THE TEXT: Butler, invited by the smiling scene,
Forsook his bed, and sought he plains unseen;
There view’d how pensive Wallace all alone
Incessant sigh’d, and made a piteous moan;
And rightly guessing that he was a foe,
Demands his business with contracted brow;
Nor stopp’d; but spurring quick his fiery horse,
With rapid aste precipitates his course.
Wallace unmov’d, the impetuous shock sustains,
And awful joy his gloomy brow serenes.
Straight rising to the blow, he aim’d a wound,
And brought his enemy stagg’ring to the ground.
Now seiz’d his horse, mounted, and with loose reins,
Forsook the place, and shot across the plains.

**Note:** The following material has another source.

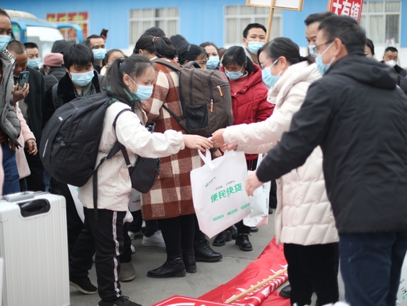 岑鞏縣政府工作人員將“新春大禮包”發放給乘坐免費返崗直通車集中返崗的群眾。(沈婷 攝)

A soldier view’d his hapless leader’s far,
With ardent eyes, and kindling into hate,
Wing’d forth his spear, that whistled in the wind,
Drove o’er the knight, and miss’d the mark assign’d.
But now the enemy, with superior might,
Besets the roads, and intercepts his flight.
Collecting all himself, brave Wallace stood,
Saw how they rag’d and panted after blood,
And drew his sword, that with tempestuous sway,
Dealt fate around, and cut a sanguine way.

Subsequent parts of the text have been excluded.